Enoch’s Thoughts

January 18, 2010

Sherpas?

Filed under: Uncategorized — etblog @ 12:24 pm

Birthdays

Our first few birthdays are cute. Then we start marking time: school, driver’s license, voting, drinking. Then the markers slow down, space out, get more vague…. There’s the ticking of the biological clock, reaching the Master’s category in the 5K run results, making retirement plans, receiving AARP membership offers in the mail, Social Security statements, Medicare. As the Earth spins its steady march around the Sun, our physical bodies undergo their own changes: we get bigger, gain strength, grow hair, hit puberty, grow more hair, and eventually a long series of system failures. We lose hair where it’s supposed to grow, and grow it where it’s not. Or it turns gray. Or both.

Satchel Paige (pitcher, philosopher) asked, “How old would you be if you didn’t know how old you was?” As much as I prefer to avoid thinking about age, it’s pretty unavoidable if you’re paying attention at all. Watching the changes in your parents, then the same changes in yourself. Reading obituaries, and attending funerals, especially when the guest of honor is younger than yourself.

Growing old in America can be lonely. Yet many cultures revere old age. How can we view aging in a positive light?

Mountains

Mountains are dramatic. Perhaps that’s why they form the basis of so many analogies.

  • Religion – “There are many paths to the top of the mountain.”
  • Encouragement – “The Good Lord gave us mountains so we could learn how to climb.”
  • Obstacles – “Turn your mountains into molehills.”
  • Victory – “We have made it to the top of the mountain.”
  • Majesty – “That was a mountain-top experience.”

Mountain analogies are so common they are almost trite. Because of this triteness, I really tried to avoid this analogy, except that it seemed to work so well.

To start with, let me make it clear that the mountain in my analogy is not any trivial mountain, like Georgia’s Stone Mountain (which I dearly love), or the soft green mountains on the East Coast (of which I am also quite fond), or even the craggy Western mountains as exemplified by the Grand Tetons. (Who is not impressed by grand tetons?)

No, my analogical mountain is more of a serious climb, a Kilimanjaro, a K2, an Everest (which sadly exhausts my mental list of great mountains). Unlike the mountains in the previous paragraph, I’ve never climbed one of these serious mountains, which may limit the accuracy of my metaphor. But that isn’t going to stop me now!

Analogy

In case you’ve been otherwise occupied, watching TV, checking e-mail, and texting while you read this, here comes the analogy: in some ways, getting old seems like climbing a mountain.

You start off on an easy slope, with plenty of energy, surrounded by trees. You may not even realize you are ascending. As the slope gets steeper, the climb gets harder and the trees start to thin out. The air gets thinner, each step becomes more difficult, until at last it takes all your energy to just to take a single step.

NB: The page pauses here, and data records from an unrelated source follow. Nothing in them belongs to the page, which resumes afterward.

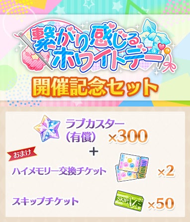 また、イベント開催を記念して、育成や攻略に役立つアイテムが入った「『繋がり感じるホワイトデー』開催記念セット」の販売も予定しております。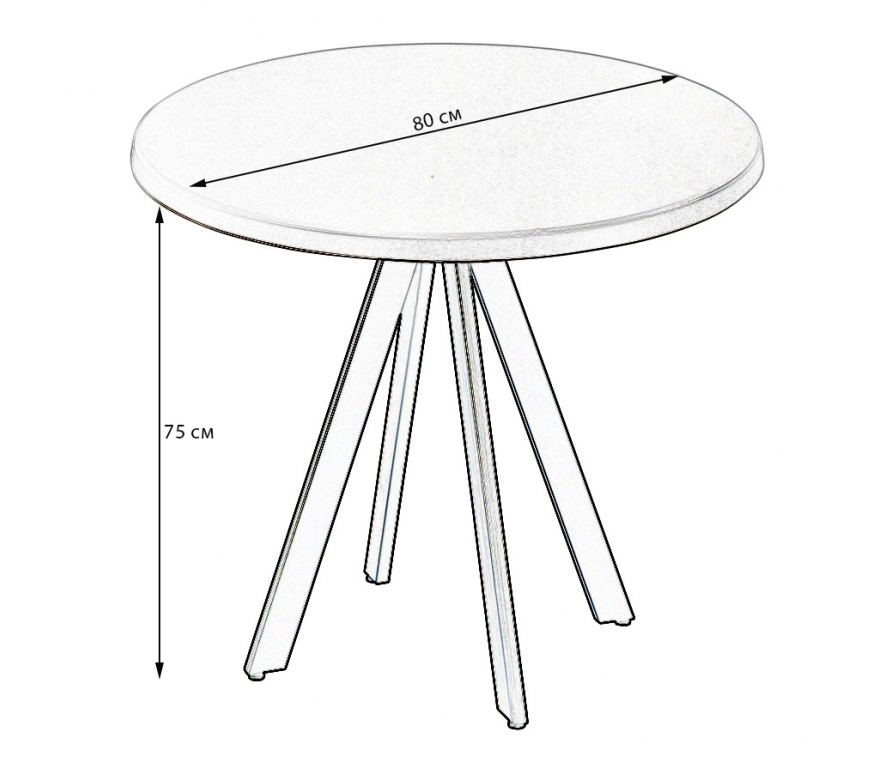 Диаметр, см: 80 Материал столешницы: Topalit (прессованная древесина с покрытием) Материал каркаса: Металл Цвет каркаса: Черный муар Материал ножек: Металл Гарантия: 12 месяцев Страна производителя: Россия Сборка: Требуется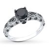 This fabulous ring for her features a princess-cut black diamond. Round black diamonds sweep along the band and frame the center to complement, while sparkling round white diamonds add the finishing touch. The sterling silver ring has a total diamond weight of 3/8 carat. Black diamonds are treated to permanently create the intense black color.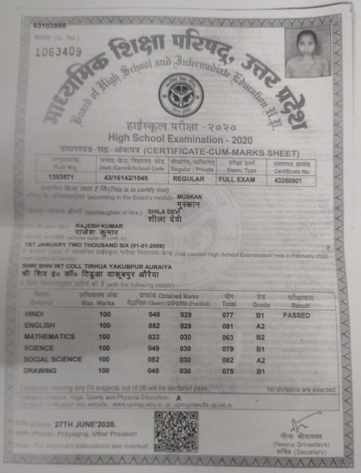 | Exam | Full Marks | Pass Marks | Marks Obtained |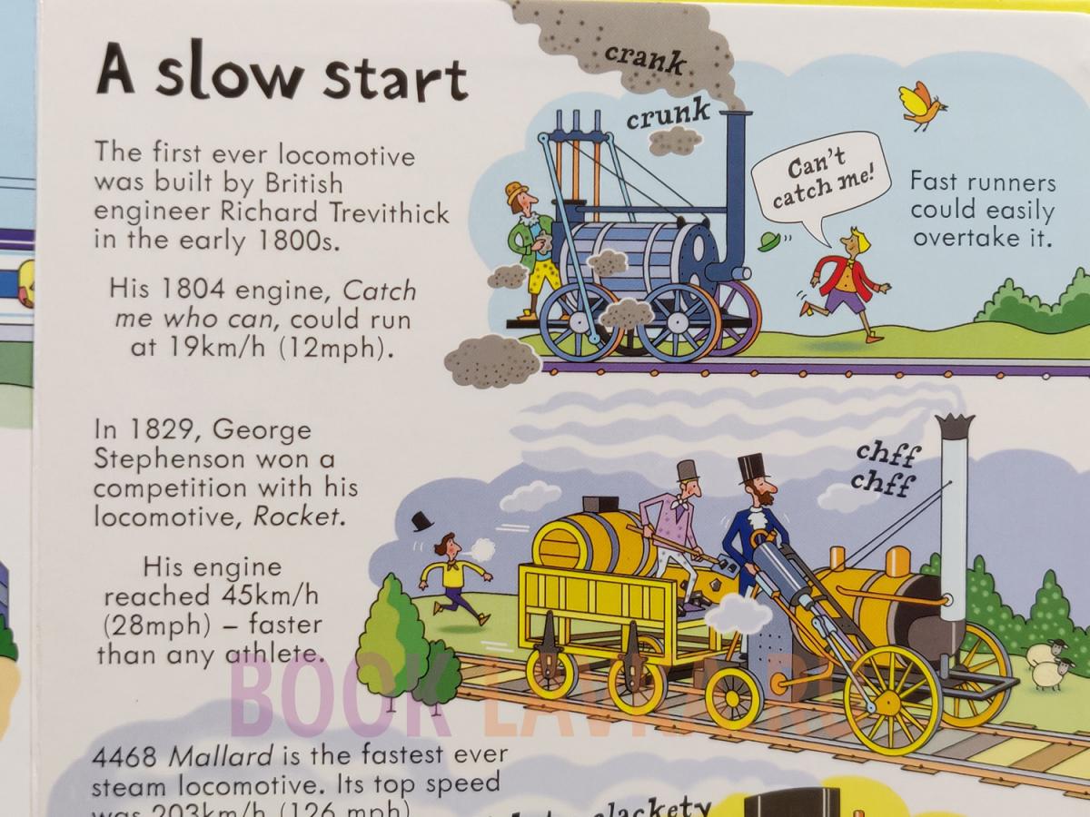 From traditional steam trains to super-fast bullet trains, this fact-filled information book allows children to look inside locomotives and find out how they work. Young readers can lift-the-flaps to discover fun facts and find out about the history of train travel.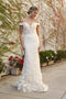 - Off the shoulder deep illusion V-neck bodice secured with cap sleeves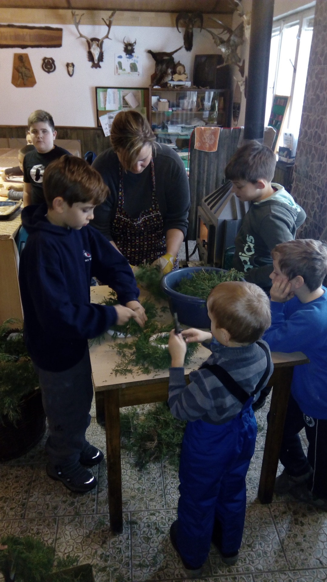 V myslivně jsme pak připravili z loje, slunečnice, prosa a pšenice lojové koule. Ne všem se do nich chtělo, protože ta hmota nevábně voněla. Někteří raději tvořili vánoční myslivecká přáníčka.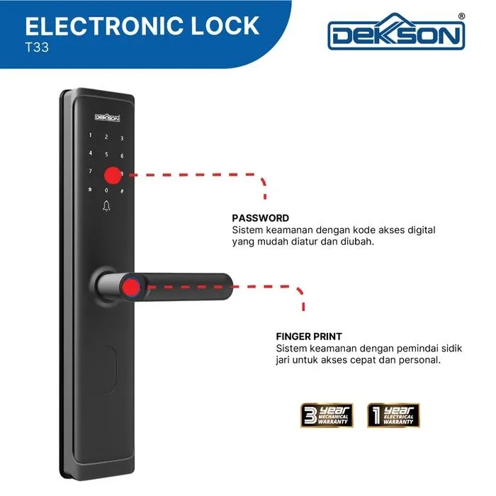 Kunci digital Dekkson T33 Grey adalah solusi keamanan modern dengan desain elegan dan fitur lengkap. Menggunakan sistem akses pintar yang terhubung dengan aplikasi TTLock, produk ini memberikan kendali penuh dan keamanan ekstra untuk hunian maupun kantor.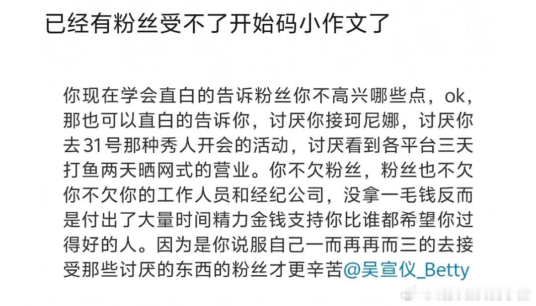 吴宣仪这算是训粉吗?不喜欢粉丝说教,不喜欢怨气太重,决定取消行程图,粉丝已经开始写小作文脱粉了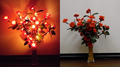This floral bouquet includes a 3V DC power supply with wall plug, component switch element, 3 foot extension cord, battery power pack with a 6 hour timer switch, and a remote dimmer switch.

This would seem a dismal prospect indeed, except that the view gets increasingly more impressive as you surmount the peak. No longer surrounded by forest, you can see great geological features, other mountains, clouds, rivers. The stars glow brightly at night through the thin air, even though your vision has faded from the oxygen deprivation.

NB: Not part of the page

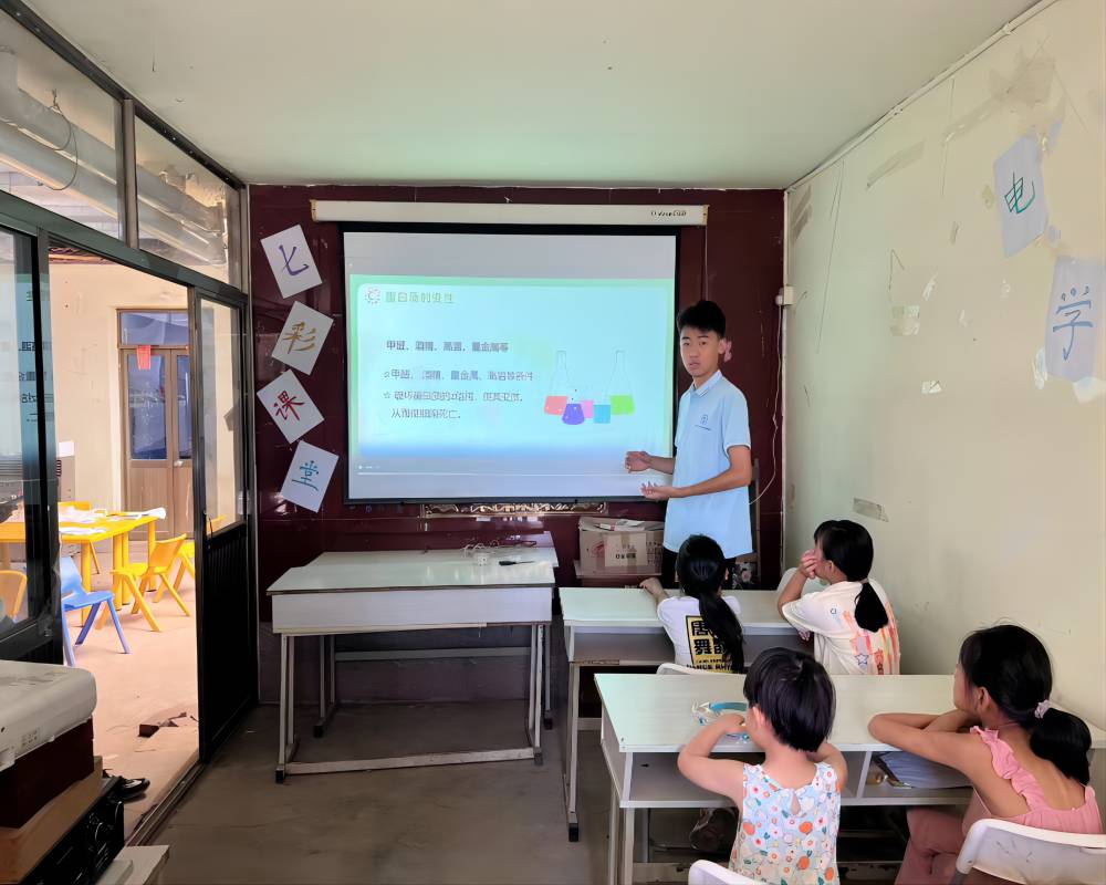 為通過趣味化的教學方式,激發孩子們對于化學科學的興趣,培養他們的實踐能力和創新思維,7月21日上午,“四葉草”暑期社會實踐團各支隊實踐小組于濰坊市安丘市后松園村成功開辦了一節生活中的化學課堂,為當地孩子們帶來了豐富的學習機會。此次活動由“四葉草”社會實踐團濰坊小組成員葛航進行詳細講解。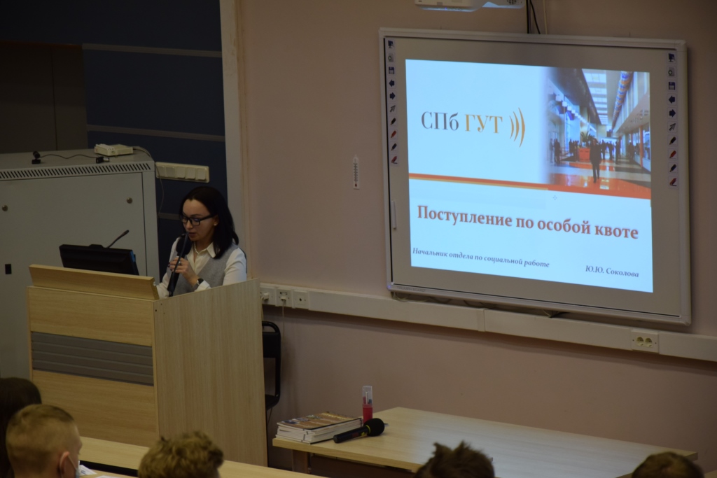 Начальник отдела по социальной работе Юлия Соколова рассказала о возможности поступления в СПбГУТ по особой квоте. Такая квота устанавливается ежегодно и составляет не менее 10% от общего количества бюджетных мест на бакалавриате и специалитете. Поступать по квоте могут дети-инвалиды, инвалиды 1 и 2 групп, инвалиды с детства, дети-сироты и другие категории граждан. Абитуриент должен подтвердить свое право на льготное зачисление, представить соответствующие документы.

As you approach the peak, you are rewarded with an awareness of how things fit together, of how the world works. You see the path that brought you to this place, and the obstacles you overcame.

Of course, like most analogies, this one has limits. Not everyone climbs up the mountain, nor makes it to the peak. Not everyone survives the obstacles, not everyone has clarity of thought and global awareness, not everyone learns from the journey.

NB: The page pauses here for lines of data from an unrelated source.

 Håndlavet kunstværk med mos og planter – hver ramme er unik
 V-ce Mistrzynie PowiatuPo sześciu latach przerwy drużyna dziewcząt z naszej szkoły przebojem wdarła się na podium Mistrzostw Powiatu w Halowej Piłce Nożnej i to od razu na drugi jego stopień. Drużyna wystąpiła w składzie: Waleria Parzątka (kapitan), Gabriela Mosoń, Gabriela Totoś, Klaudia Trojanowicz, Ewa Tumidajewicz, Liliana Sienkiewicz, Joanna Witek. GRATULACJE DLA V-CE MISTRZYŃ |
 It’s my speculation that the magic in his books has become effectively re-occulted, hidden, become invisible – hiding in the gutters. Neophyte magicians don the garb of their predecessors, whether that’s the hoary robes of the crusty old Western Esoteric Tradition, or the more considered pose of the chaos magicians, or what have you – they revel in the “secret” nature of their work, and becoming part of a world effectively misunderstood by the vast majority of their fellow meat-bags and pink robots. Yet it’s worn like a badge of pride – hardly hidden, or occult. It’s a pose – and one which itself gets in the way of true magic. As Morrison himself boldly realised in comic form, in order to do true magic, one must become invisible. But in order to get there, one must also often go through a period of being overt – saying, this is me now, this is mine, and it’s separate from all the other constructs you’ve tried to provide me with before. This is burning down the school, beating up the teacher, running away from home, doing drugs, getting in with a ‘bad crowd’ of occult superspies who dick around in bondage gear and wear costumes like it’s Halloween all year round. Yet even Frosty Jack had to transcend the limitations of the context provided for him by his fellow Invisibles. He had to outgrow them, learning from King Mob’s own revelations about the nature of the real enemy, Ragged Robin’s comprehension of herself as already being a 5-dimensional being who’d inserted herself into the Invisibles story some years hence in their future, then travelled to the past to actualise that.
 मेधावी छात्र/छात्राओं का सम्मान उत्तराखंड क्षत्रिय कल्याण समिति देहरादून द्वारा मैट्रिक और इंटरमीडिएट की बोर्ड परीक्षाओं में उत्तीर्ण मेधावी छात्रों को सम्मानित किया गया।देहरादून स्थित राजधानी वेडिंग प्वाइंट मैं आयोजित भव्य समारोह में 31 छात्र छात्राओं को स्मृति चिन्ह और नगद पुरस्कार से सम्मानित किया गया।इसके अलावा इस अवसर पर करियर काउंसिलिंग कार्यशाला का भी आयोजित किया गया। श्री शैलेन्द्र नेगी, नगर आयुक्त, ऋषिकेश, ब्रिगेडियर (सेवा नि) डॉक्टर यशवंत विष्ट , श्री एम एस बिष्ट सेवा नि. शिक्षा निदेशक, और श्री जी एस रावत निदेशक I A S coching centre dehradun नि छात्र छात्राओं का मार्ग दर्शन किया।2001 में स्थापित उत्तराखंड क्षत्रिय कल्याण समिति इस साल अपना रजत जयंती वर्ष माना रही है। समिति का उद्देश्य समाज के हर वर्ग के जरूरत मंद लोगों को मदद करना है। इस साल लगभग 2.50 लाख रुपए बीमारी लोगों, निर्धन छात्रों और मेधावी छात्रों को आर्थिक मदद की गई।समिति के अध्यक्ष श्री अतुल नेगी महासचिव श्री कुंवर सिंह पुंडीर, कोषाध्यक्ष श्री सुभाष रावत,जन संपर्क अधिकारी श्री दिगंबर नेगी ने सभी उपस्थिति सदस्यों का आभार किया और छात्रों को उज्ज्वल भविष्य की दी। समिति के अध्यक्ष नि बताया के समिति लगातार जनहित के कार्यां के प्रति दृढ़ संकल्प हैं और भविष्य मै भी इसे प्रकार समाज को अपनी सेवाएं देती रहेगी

I can further over-analyze my own analogy. How does the the actual end of life fit into this analogy? Is that analogous to reaching the summit? Or does one simply run out of energy and oxygen on the way up? The concept of Heaven Above fits nicely here. The climber simply leaves wherever they are on the mountain, whatever level they have achieved, and ascends into the clouds, experiencing an even grander vista (TM, Microsoft) and broader awareness and understanding.

Are there Sherpas on this climb? Other climbers? Are they on the same mountain. Where do you get food and water? Is the analogy like the sleeping arrangements: intense?

Clearly I’ve fallen over the edge of this particular analogy.

Post-post analysis

I’m not sure how well this weekly posting goal is going to work.

1 Comment »

  1. You can do it…. post every week, that is, and also climb the highest mountain. Weekly is quite a goal, but I say keep at it. Your posts are enjoyable to us readers, especially when they involve intense moments. I took a creative writing class this past fall and the teach reminded me that not everything we write has to be profound or perfect but it’s the act of writing .. the doing it daily that makes us better.